--- How to complete this task ---
From the line containing "31 31 背景と目的" to the last line of the data below, copy everything exactly and nothing else; pictures stay out.

--- Records supplied ---

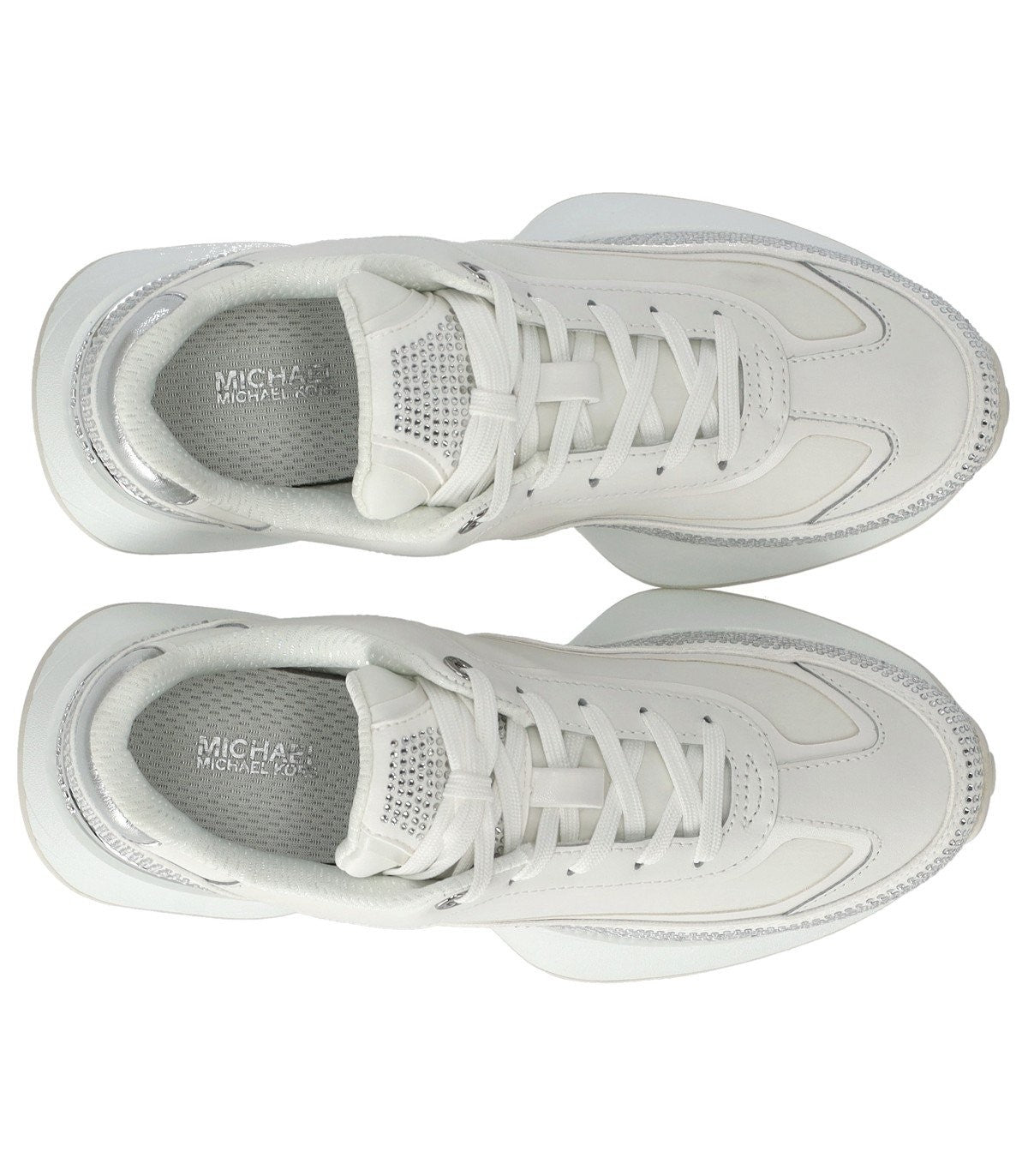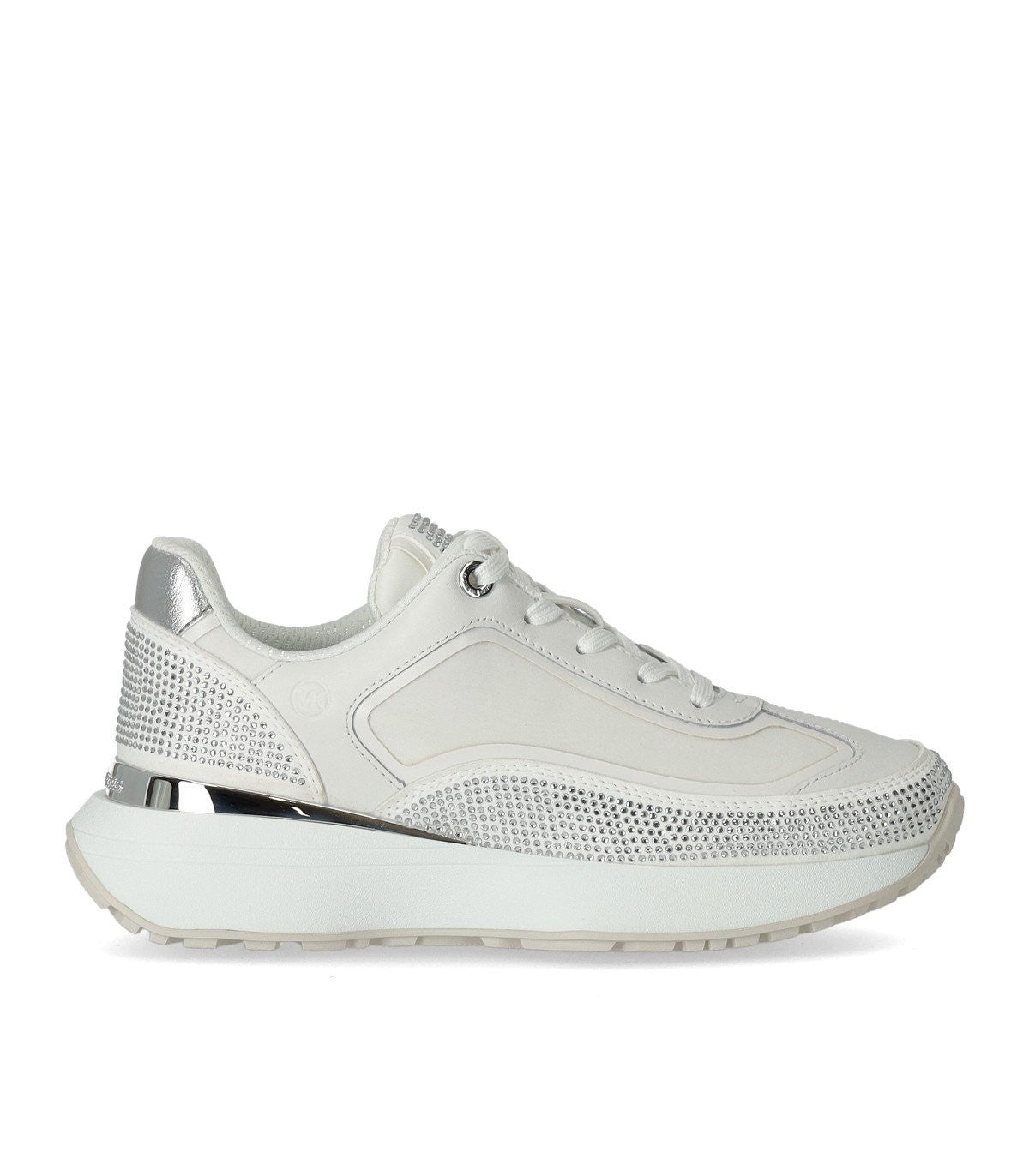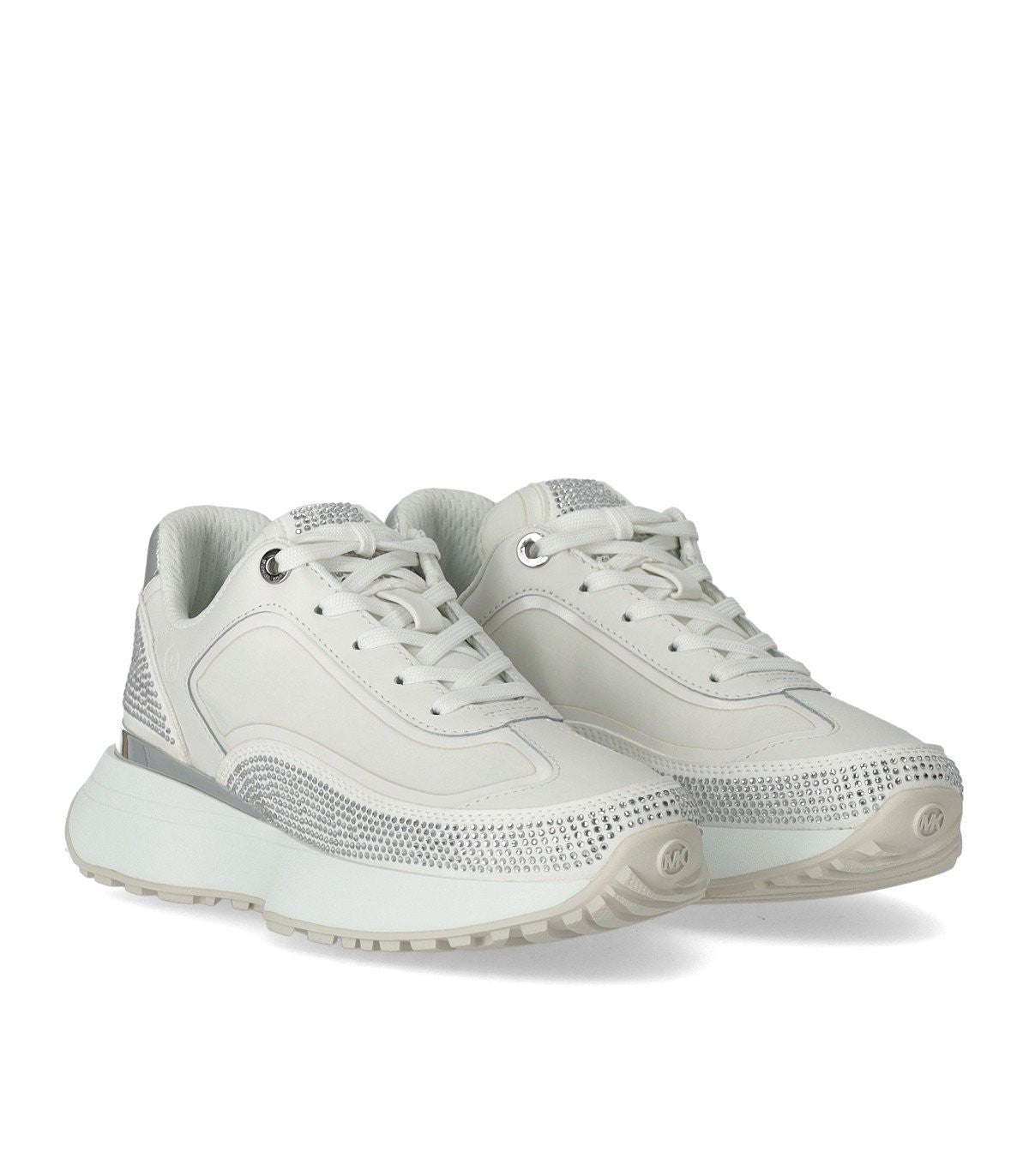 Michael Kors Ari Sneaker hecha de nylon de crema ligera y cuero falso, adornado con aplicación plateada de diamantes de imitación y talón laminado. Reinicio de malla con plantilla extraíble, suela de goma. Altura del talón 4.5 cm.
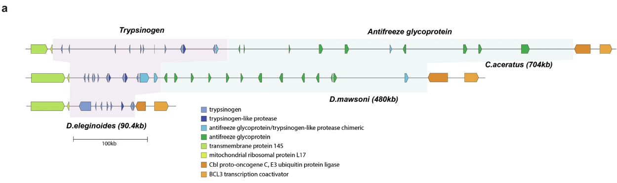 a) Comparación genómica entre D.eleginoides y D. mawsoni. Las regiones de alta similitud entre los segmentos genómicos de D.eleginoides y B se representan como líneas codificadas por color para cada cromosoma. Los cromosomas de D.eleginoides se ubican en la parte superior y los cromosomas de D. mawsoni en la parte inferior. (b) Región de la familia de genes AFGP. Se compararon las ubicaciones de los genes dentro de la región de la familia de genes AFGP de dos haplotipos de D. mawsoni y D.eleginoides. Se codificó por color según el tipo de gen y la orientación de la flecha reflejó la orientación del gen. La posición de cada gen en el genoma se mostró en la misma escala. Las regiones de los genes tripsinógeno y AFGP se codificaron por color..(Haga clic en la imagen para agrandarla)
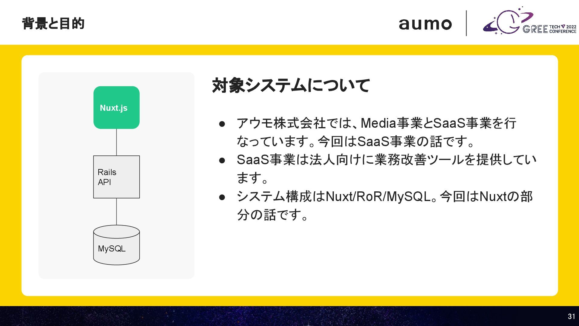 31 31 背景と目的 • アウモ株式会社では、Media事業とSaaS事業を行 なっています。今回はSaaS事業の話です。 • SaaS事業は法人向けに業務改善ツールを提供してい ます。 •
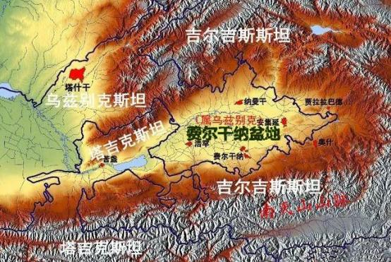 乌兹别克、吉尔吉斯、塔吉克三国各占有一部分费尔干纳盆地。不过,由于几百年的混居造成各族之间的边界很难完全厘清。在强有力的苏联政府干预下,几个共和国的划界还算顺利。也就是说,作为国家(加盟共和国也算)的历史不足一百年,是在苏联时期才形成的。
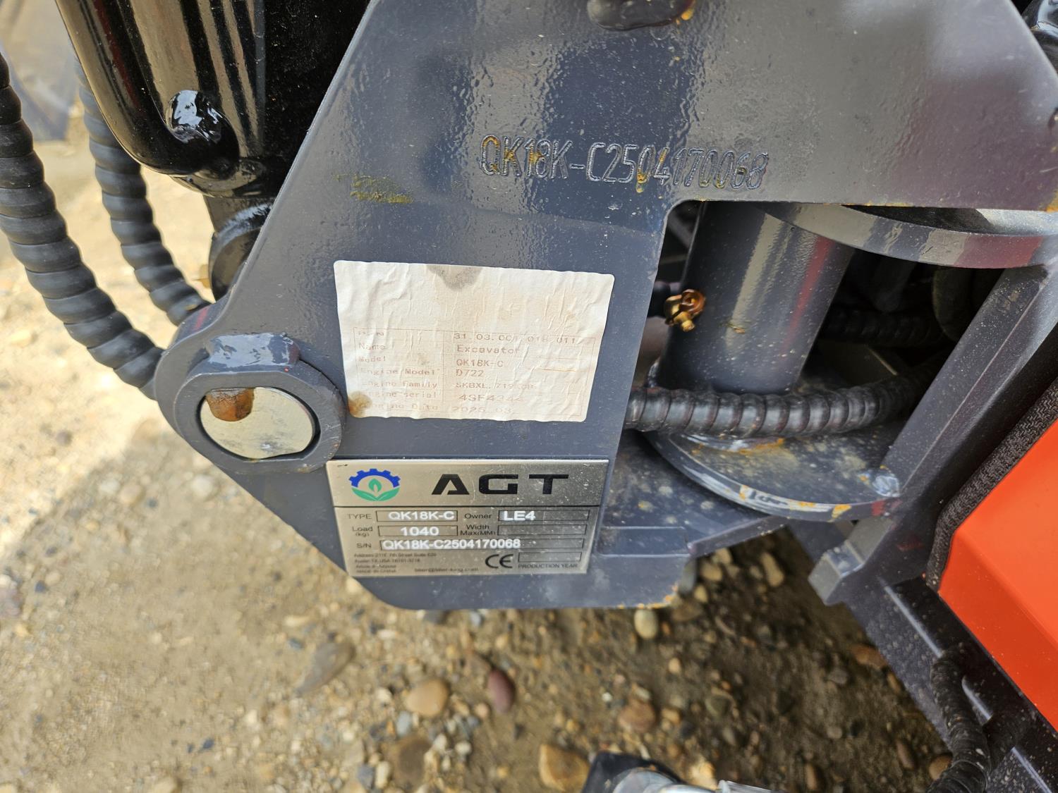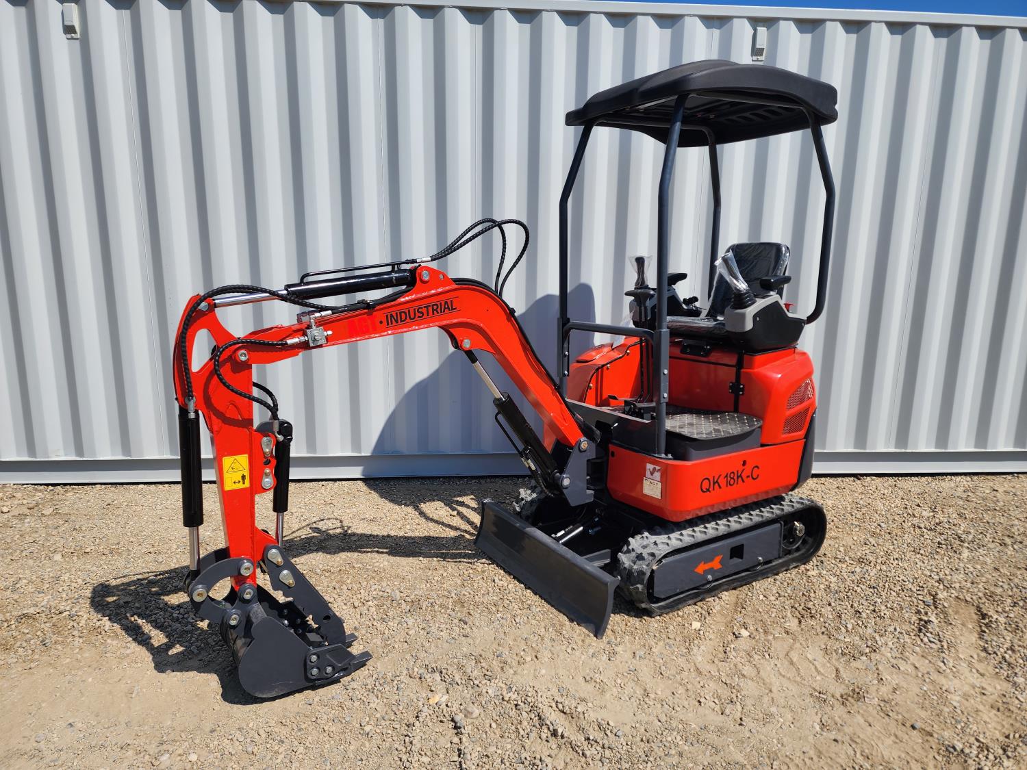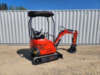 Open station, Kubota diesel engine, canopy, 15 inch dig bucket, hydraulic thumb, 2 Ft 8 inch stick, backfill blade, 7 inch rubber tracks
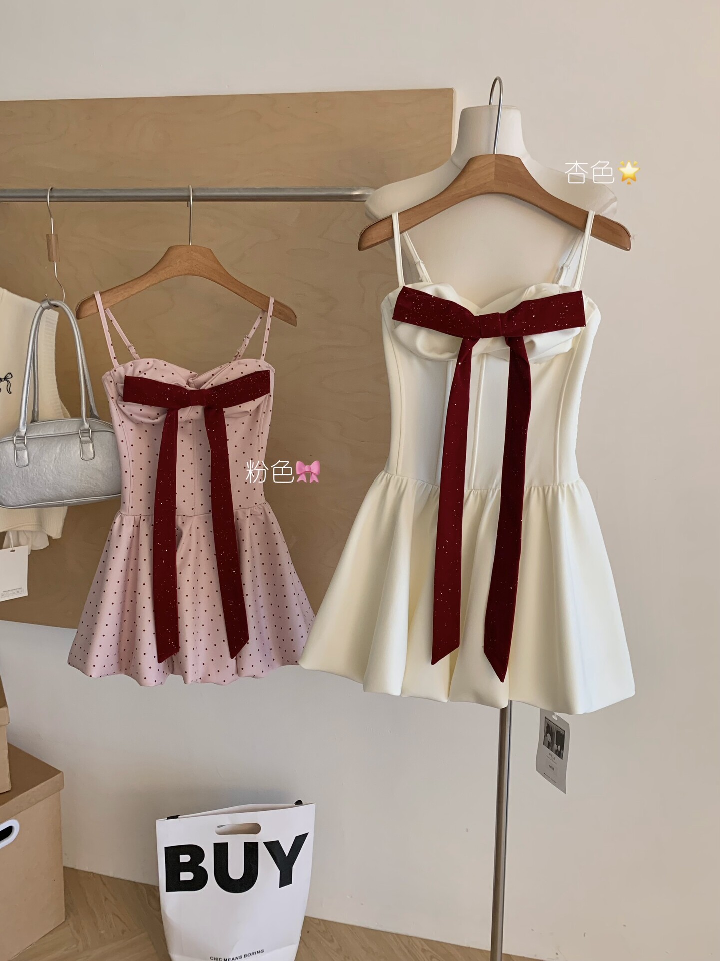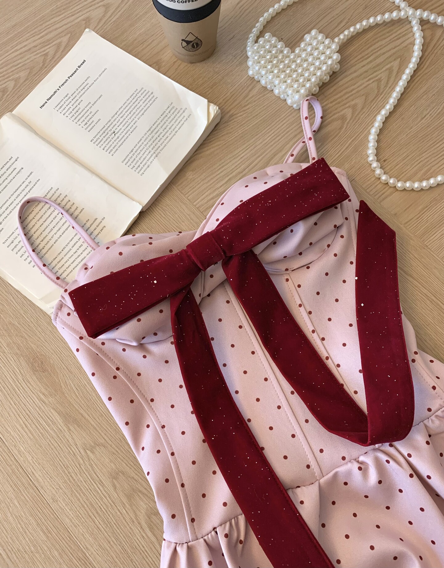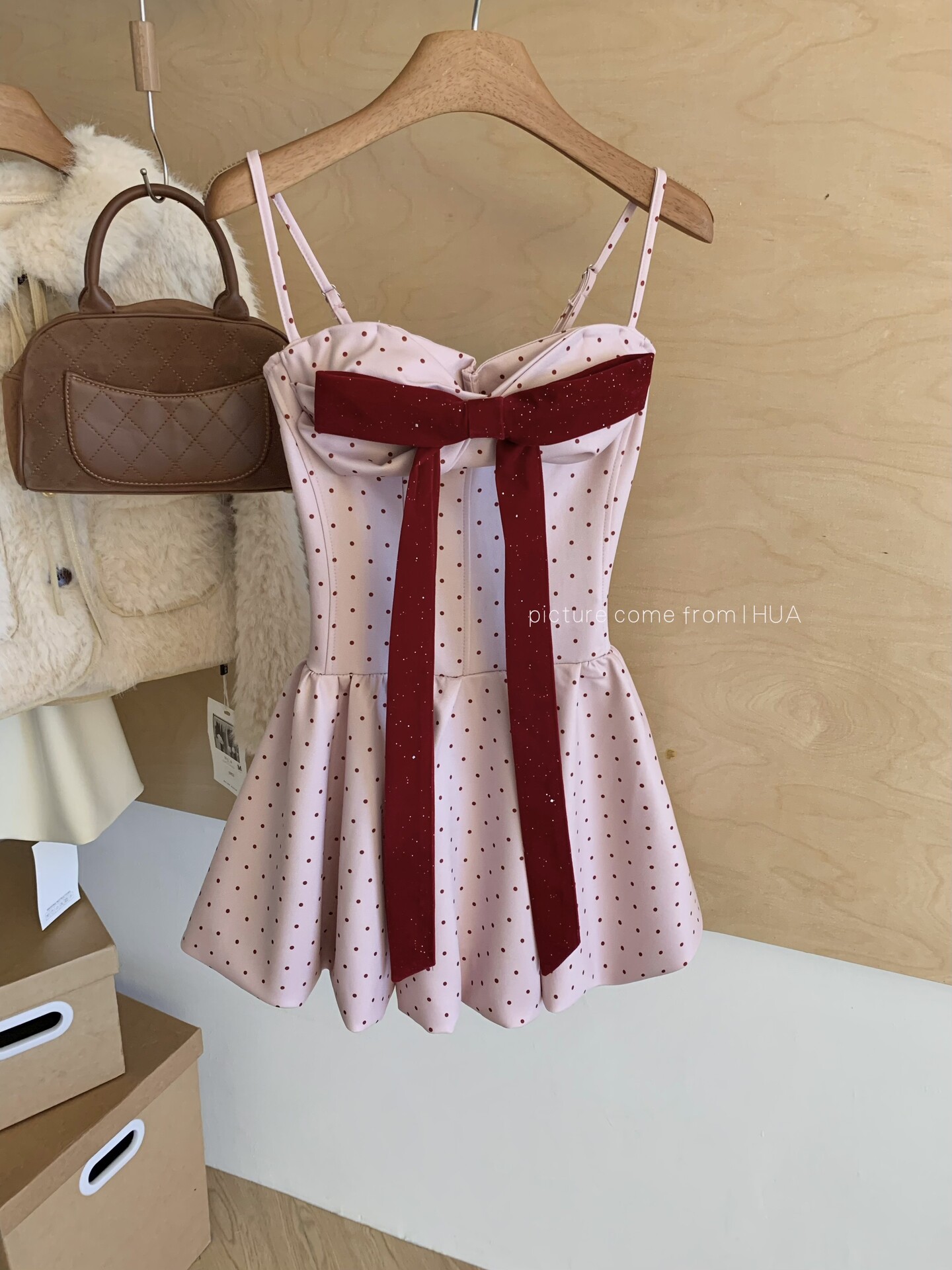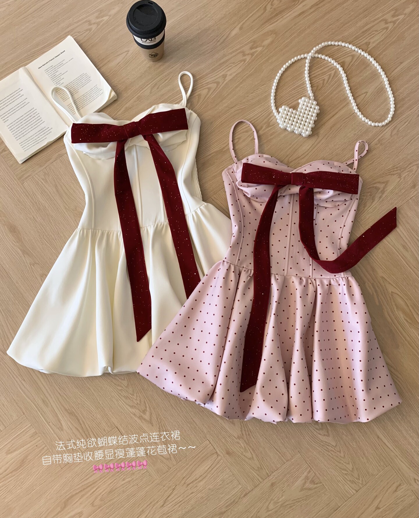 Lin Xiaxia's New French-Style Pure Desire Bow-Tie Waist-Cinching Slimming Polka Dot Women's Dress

--- Task output ---
 31 31 背景と目的 • アウモ株式会社では、Media事業とSaaS事業を行 なっています。今回はSaaS事業の話です。 • SaaS事業は法人向けに業務改善ツールを提供してい ます。 •
 乌兹别克、吉尔吉斯、塔吉克三国各占有一部分费尔干纳盆地。不过,由于几百年的混居造成各族之间的边界很难完全厘清。在强有力的苏联政府干预下,几个共和国的划界还算顺利。也就是说,作为国家(加盟共和国也算)的历史不足一百年,是在苏联时期才形成的。
 Open station, Kubota diesel engine, canopy, 15 inch dig bucket, hydraulic thumb, 2 Ft 8 inch stick, backfill blade, 7 inch rubber tracks
 Lin Xiaxia's New French-Style Pure Desire Bow-Tie Waist-Cinching Slimming Polka Dot Women's Dress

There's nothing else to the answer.